## Records
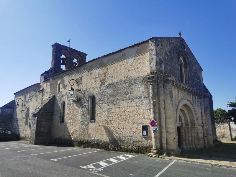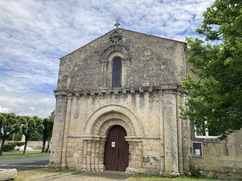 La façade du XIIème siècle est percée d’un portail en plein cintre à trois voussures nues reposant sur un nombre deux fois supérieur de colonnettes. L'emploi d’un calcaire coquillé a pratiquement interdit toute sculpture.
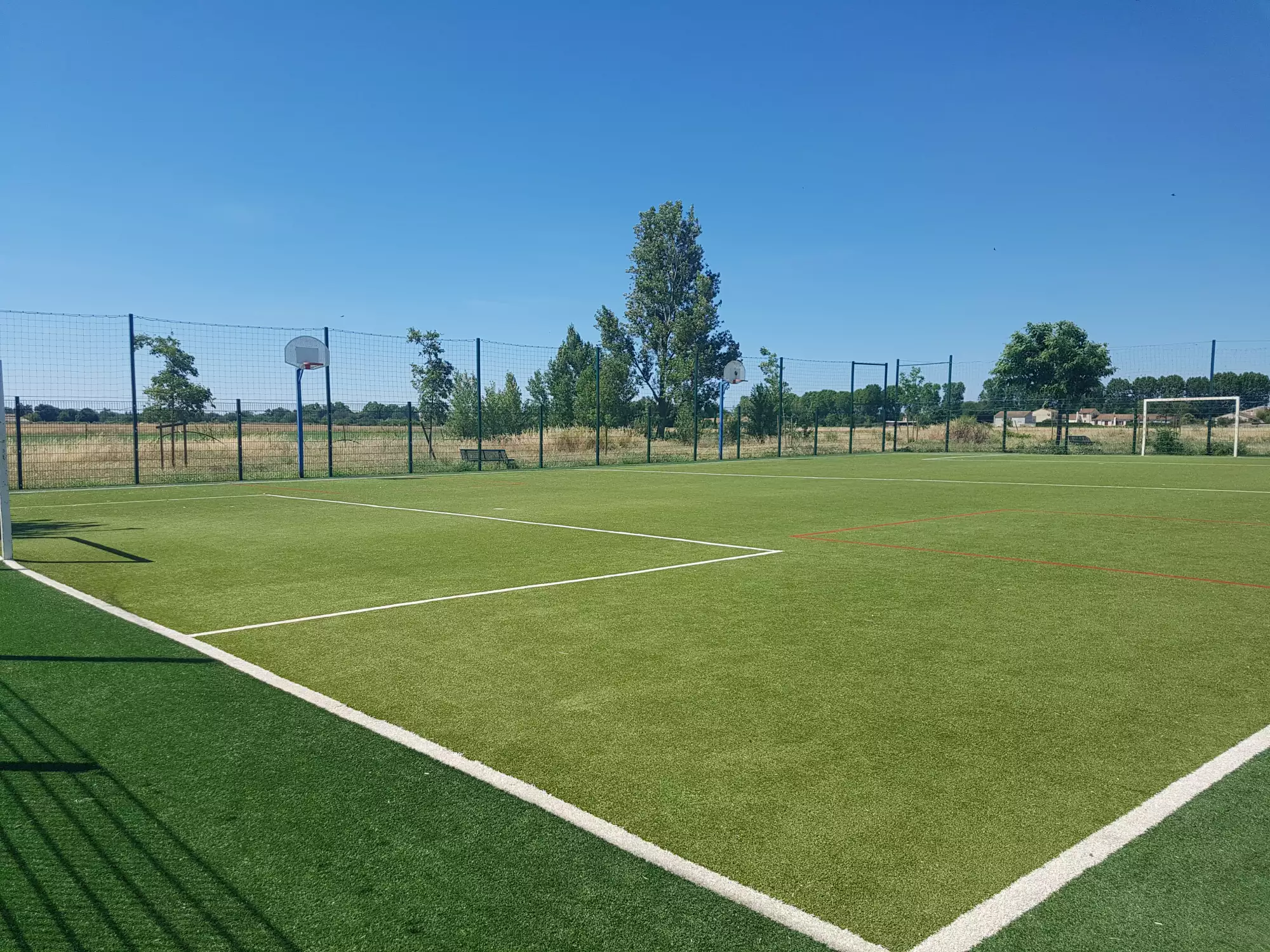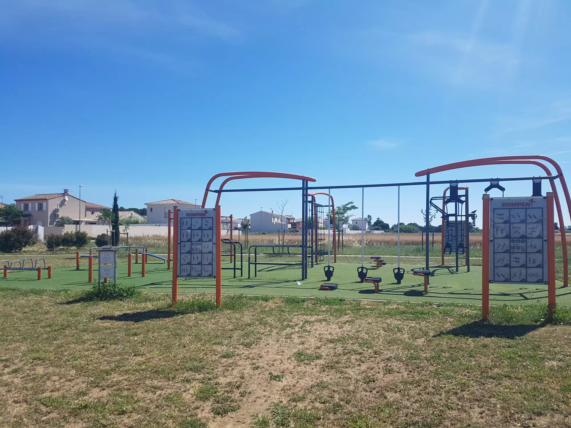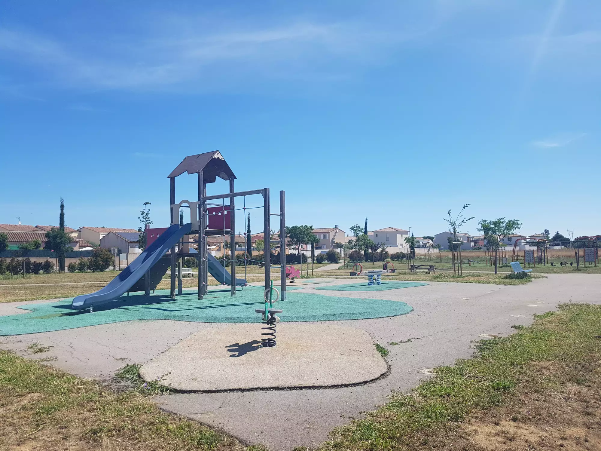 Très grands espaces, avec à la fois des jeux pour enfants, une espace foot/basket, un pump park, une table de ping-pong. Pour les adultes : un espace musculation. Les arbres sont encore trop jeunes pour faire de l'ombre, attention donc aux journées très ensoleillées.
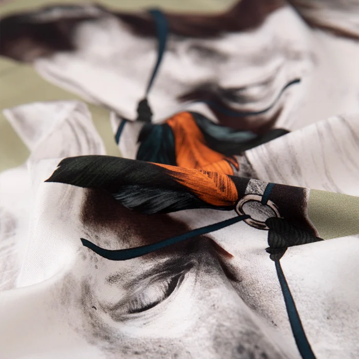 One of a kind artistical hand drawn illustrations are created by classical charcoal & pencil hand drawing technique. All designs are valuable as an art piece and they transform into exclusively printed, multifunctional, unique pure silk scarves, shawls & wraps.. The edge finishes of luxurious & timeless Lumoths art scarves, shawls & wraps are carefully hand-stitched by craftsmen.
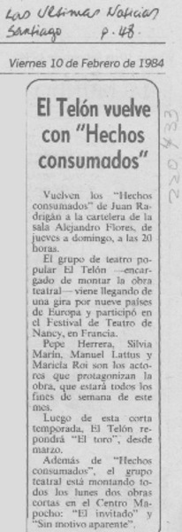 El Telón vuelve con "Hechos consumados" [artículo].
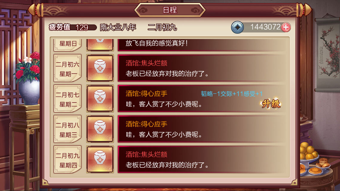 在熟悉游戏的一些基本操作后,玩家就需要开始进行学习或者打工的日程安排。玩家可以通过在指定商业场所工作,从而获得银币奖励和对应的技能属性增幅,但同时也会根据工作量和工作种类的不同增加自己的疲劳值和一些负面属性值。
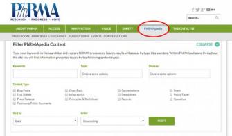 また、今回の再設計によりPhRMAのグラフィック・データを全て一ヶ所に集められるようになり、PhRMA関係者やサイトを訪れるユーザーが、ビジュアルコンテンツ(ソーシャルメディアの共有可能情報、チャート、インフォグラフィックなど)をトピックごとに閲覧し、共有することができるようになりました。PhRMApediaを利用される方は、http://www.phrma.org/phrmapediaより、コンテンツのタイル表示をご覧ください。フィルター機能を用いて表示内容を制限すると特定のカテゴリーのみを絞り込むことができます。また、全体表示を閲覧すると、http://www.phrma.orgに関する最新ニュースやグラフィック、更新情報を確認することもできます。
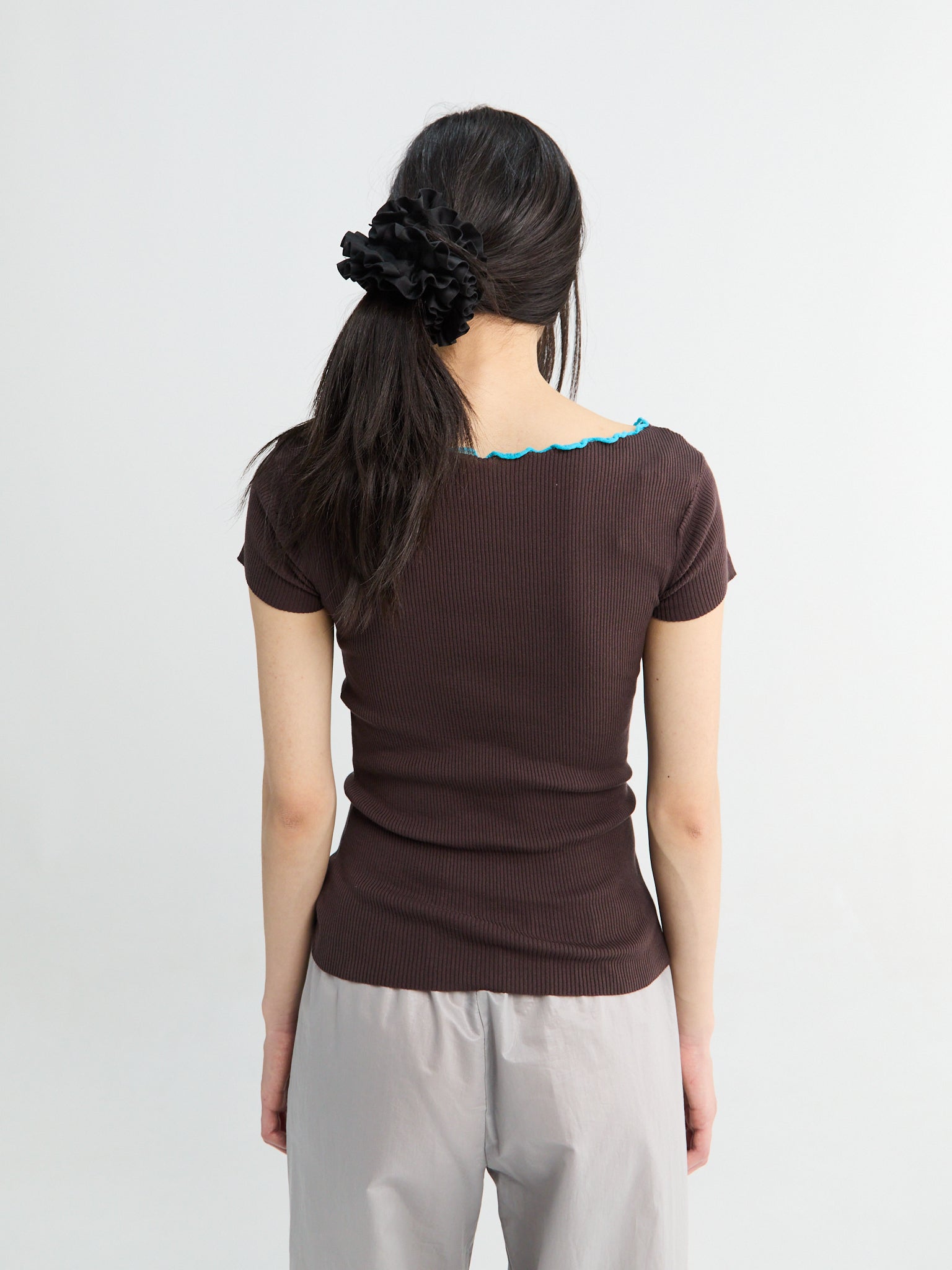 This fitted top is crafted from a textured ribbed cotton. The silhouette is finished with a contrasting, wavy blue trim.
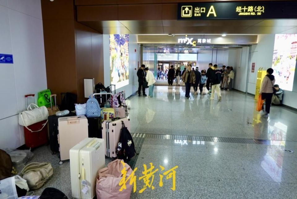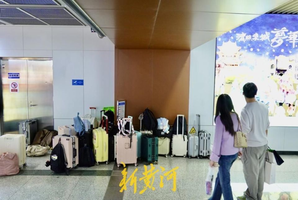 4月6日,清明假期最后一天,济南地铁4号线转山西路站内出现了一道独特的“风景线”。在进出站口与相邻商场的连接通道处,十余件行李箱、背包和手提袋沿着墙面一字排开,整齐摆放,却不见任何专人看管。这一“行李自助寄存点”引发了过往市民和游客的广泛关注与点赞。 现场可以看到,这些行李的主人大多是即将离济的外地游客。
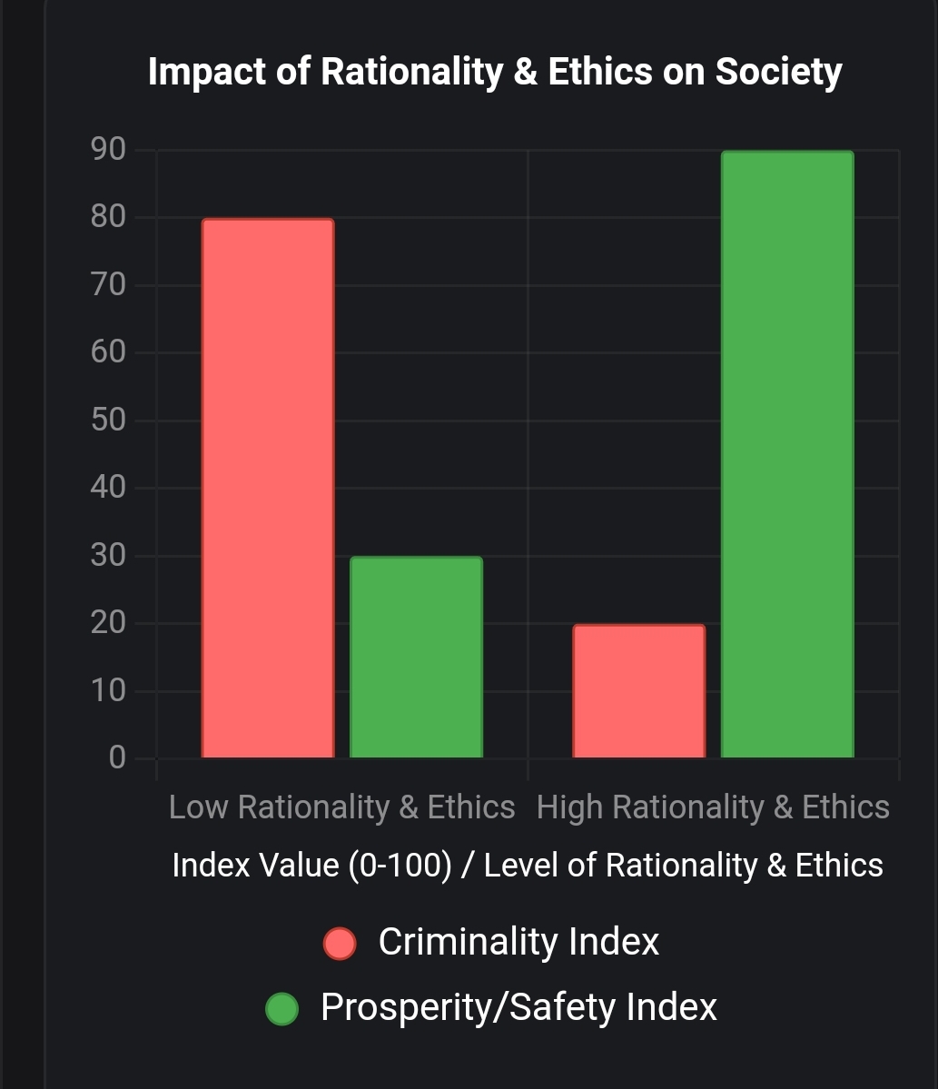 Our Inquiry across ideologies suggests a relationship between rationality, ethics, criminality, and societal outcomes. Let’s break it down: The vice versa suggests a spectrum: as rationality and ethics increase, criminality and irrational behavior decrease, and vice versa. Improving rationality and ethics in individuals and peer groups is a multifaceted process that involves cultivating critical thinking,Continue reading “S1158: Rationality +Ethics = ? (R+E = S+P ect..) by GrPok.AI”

## Try it
Your copy must start at the line that holds "This fitted top" and end at the last line of the data, both included; it must contain no pictures.

## Written solution
 This fitted top is crafted from a textured ribbed cotton. The silhouette is finished with a contrasting, wavy blue trim.
 4月6日,清明假期最后一天,济南地铁4号线转山西路站内出现了一道独特的“风景线”。在进出站口与相邻商场的连接通道处,十余件行李箱、背包和手提袋沿着墙面一字排开,整齐摆放,却不见任何专人看管。这一“行李自助寄存点”引发了过往市民和游客的广泛关注与点赞。 现场可以看到,这些行李的主人大多是即将离济的外地游客。
 Our Inquiry across ideologies suggests a relationship between rationality, ethics, criminality, and societal outcomes. Let’s break it down: The vice versa suggests a spectrum: as rationality and ethics increase, criminality and irrational behavior decrease, and vice versa. Improving rationality and ethics in individuals and peer groups is a multifaceted process that involves cultivating critical thinking,Continue reading “S1158: Rationality +Ethics = ? (R+E = S+P ect..) by GrPok.AI”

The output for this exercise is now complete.